CST 363 - Into to Database Systems

This course provides balanced coverage of database use and design, focusing on relational databases. Students will learn to design relational schemas, write SQL queries, access a DB programmatically, and perform database administration. Students will gain a working knowledge of the algorithms and data structures used in query evaluation and transaction processing. Students will also learn to apply newer database technologies such as XML, NoSQL, and Hadoop.

Map-Shuffle-Reduce

Description
Code

A simple implementation of a Map-Shuffle-Reduce database in python. The algorithm looks to solve the problem of having multiple shards of a database where data is spread out. For this SimpleDB example, there are 2 sets of data spread across multiple shards:

Employees (sharded by the employee id)
Departments (sharded by the department id)

For instance, if the user must run a JOIN query over the employees and Departments, the user will quickly find out that a particular node may not hold all the employees for a department, or that the department is not allocated to the same node as all, if any of the employees. To solve this, we execute the algorithm as a three step process:

Map Step: We must take the smallest table, in this case Employees, and perform a select statement with the minimum amount of data required to perform the join.
Shuffle Step: A temporary table is created on each node, and the data is then shuffled by the new shard id into the proper node.In this case, the Employees are sharded by the department id, and the data is injected into a temporary table.
Reduce Step: The JOIN query can then be easily executed over the Employees and Departments table to be returned to the main process.
Cleanup: At the end of the query, any temporary table should be destroyed to keep proper maintenance on the database.
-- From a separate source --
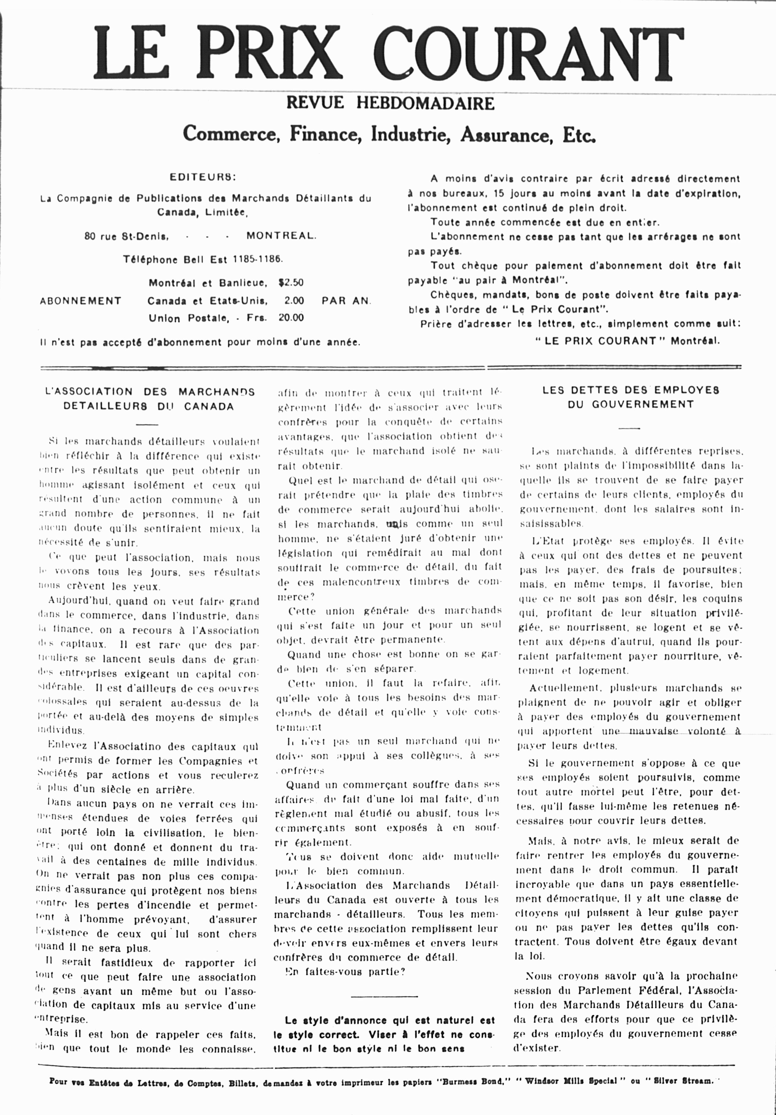 - Montréal : Compagnie de Publications des Marchands Détaillants du Canada, [1910]

The end result is the ability to query data over multiple shards. However, this process can be taxing on the database as well as the system since large amounts of data need to be passed around, written and stored. This of course is a naive approach to understand the mechanisms behind other database that solve this type of issues and optimize around it such as Hadoop. While the implementation is different, the principles behind it remain the same. The end goal is to allow the user to store data across multiple databases which means scaling horizontally, while making the data accessible to any and all nodes for aggregations or other multi-table queries.